━━ Raw data

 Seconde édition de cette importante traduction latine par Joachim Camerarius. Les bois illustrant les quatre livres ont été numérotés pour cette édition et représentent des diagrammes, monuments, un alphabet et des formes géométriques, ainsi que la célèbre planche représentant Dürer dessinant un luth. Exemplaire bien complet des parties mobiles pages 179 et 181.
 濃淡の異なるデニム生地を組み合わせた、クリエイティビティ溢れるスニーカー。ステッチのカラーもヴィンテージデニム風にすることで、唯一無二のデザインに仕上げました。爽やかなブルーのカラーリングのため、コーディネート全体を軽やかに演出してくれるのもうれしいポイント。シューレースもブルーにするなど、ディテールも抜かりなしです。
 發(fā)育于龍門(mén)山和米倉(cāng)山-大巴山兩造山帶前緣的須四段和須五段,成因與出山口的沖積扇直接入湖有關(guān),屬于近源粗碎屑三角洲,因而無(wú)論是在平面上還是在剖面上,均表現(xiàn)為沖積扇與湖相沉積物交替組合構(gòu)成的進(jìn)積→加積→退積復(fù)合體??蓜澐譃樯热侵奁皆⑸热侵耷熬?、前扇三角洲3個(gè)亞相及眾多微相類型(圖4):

━━━━
━━ Raw data

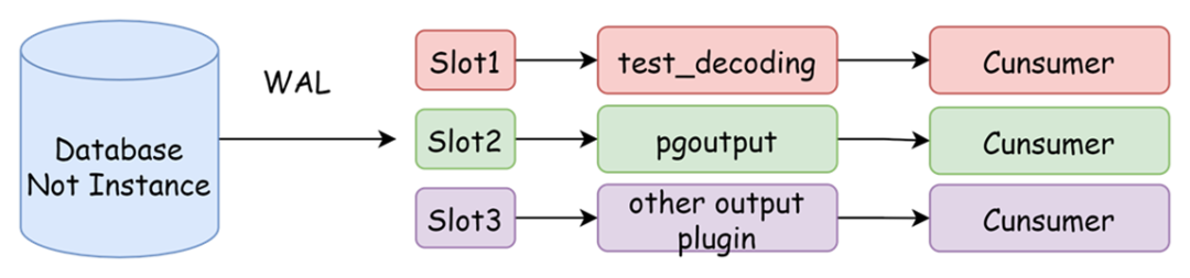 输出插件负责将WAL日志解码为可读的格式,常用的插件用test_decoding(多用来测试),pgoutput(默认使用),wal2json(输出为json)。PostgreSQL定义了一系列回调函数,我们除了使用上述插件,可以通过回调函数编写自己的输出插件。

━━━━

## How to complete this task
Write down again, exactly as given, only the lines above that fall from the line with "濃淡の異なるデニム生地を組み" to the line with "發(fā)育于龍門(mén)", inclusive.

## Task output
 濃淡の異なるデニム生地を組み合わせた、クリエイティビティ溢れるスニーカー。ステッチのカラーもヴィンテージデニム風にすることで、唯一無二のデザインに仕上げました。爽やかなブルーのカラーリングのため、コーディネート全体を軽やかに演出してくれるのもうれしいポイント。シューレースもブルーにするなど、ディテールも抜かりなしです。
 發(fā)育于龍門(mén)山和米倉(cāng)山-大巴山兩造山帶前緣的須四段和須五段,成因與出山口的沖積扇直接入湖有關(guān),屬于近源粗碎屑三角洲,因而無(wú)論是在平面上還是在剖面上,均表現(xiàn)為沖積扇與湖相沉積物交替組合構(gòu)成的進(jìn)積→加積→退積復(fù)合體??蓜澐譃樯热侵奁皆⑸热侵耷熬?、前扇三角洲3個(gè)亞相及眾多微相類型(圖4):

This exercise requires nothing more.